#### Data supplied ####
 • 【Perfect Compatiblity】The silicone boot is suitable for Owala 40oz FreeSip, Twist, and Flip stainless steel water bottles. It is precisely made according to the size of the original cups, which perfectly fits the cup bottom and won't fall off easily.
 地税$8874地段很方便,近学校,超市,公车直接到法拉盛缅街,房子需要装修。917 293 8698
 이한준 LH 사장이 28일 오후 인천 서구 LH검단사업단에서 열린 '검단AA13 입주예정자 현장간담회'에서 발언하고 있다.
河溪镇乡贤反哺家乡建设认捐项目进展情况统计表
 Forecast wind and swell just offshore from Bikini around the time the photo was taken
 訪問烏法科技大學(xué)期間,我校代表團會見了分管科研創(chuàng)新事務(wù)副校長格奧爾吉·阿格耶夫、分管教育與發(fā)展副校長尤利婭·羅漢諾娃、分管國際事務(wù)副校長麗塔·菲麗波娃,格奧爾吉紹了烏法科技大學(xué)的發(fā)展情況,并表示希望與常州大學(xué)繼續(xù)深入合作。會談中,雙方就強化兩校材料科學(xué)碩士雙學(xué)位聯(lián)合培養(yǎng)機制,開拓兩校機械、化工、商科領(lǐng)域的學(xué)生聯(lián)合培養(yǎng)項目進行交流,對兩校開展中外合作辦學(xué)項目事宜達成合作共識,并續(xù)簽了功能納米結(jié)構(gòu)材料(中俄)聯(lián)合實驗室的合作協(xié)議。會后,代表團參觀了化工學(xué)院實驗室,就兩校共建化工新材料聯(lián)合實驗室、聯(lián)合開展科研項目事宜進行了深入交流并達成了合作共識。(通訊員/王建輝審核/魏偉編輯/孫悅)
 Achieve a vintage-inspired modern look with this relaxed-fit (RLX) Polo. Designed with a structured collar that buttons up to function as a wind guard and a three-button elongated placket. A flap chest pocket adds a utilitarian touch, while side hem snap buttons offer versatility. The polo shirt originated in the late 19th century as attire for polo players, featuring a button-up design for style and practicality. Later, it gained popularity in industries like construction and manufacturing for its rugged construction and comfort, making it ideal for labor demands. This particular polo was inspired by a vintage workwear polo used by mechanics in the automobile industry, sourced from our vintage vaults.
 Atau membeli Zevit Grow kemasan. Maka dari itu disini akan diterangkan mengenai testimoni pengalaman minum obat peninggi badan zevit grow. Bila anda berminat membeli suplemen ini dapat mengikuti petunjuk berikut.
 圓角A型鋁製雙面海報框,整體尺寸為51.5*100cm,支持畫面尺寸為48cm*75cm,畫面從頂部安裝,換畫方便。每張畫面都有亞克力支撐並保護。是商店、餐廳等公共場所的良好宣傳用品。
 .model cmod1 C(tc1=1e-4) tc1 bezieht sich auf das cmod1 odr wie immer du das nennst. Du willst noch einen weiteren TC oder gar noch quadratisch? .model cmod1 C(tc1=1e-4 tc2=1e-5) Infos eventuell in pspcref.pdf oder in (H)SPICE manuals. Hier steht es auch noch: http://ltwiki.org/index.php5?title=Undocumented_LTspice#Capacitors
####
#### Data supplied ####
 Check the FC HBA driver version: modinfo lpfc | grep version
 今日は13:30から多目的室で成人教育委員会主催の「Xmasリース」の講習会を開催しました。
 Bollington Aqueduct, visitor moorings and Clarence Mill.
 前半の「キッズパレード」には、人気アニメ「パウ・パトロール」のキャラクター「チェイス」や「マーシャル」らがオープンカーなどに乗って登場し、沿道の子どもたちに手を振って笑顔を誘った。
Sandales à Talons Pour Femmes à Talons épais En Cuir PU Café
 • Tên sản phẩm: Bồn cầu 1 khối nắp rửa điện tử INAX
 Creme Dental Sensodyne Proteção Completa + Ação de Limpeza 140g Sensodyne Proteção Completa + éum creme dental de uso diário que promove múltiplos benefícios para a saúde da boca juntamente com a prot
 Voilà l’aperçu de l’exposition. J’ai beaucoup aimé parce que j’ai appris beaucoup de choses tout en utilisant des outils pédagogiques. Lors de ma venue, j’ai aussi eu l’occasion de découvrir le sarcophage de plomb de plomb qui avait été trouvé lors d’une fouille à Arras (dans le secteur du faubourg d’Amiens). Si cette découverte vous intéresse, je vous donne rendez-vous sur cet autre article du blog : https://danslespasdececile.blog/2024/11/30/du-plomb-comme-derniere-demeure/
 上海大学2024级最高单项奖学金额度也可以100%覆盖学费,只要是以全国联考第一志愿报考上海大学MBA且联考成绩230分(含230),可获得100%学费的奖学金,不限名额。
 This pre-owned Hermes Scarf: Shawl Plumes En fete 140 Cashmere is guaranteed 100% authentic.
####
Within the material above, output exactly the lines from the one with "Sandales à Talons" through the one with "Creme Dental Sensodyne", end lines included, and nothing besides.

Task solution:
Sandales à Talons Pour Femmes à Talons épais En Cuir PU Café
 • Tên sản phẩm: Bồn cầu 1 khối nắp rửa điện tử INAX
 Creme Dental Sensodyne Proteção Completa + Ação de Limpeza 140g Sensodyne Proteção Completa + éum creme dental de uso diário que promove múltiplos benefícios para a saúde da boca juntamente com a prot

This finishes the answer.